All the CSV to TSV tutorials are suggesting a simple:

tr ',' '\t'

though some CSVs look like this:

1,310,"IntAct,PINA"

in which case I would like to keep "IntAct,PINA":

1   310 "IntAct,PINA"

How could I parameterize the tr command (or sed, etc.) in order to do that?

I appreciate any suggestions.

Eliah Kagan
  • 119,640

3 Answers3

2

Use csvformat from csvkit:

csvformat -d, -D$'\t' file

or shorter:

csvformat -T file

-d input delimiter (not needed here, as , is the default input delimiter)

-D output delimiter

-T set tabs as output delimiter

It will remove the quotes, as they are not needed for a tsv.
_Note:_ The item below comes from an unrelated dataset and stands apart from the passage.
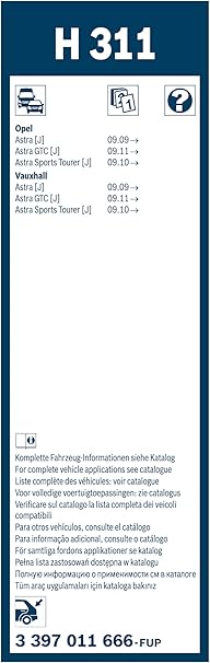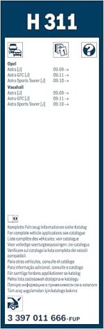 Rear Arka Silecek Opel Astra J (2009-2015), Astra GTC (2012-2014) [300 mm] H311 3397011666

You should be able to install csvkit via pip:

sudo apt install python-pip
pip install csvkit
pLumo
  • 27,991
0

If csvkit (which I recommend) is not available, then you could use the perl Text::CSV module:

perl -MText::CSV -lne '
  BEGIN{$p = Text::CSV->new} print join "\t", $p->fields() if $p->parse($_)
' file

If you insist on retaining the quoting (which is unnecessary, since the embedded , is no longer a separator), then you could do something like

print join "\t", map { $_ =~ s/.*,.*/"$&"/r } $p->fields() if $p->parse($_)
steeldriver
  • 142,475
0

Using your CSV without heading

1,310,"IntAct,PINA"

and Miller (https://github.com/johnkerl/miller)

mlr --nidx --ifs "," --ofs "\t" cat input.csv

gives you back

1       310     "IntAct PINA"
aborruso
  • 814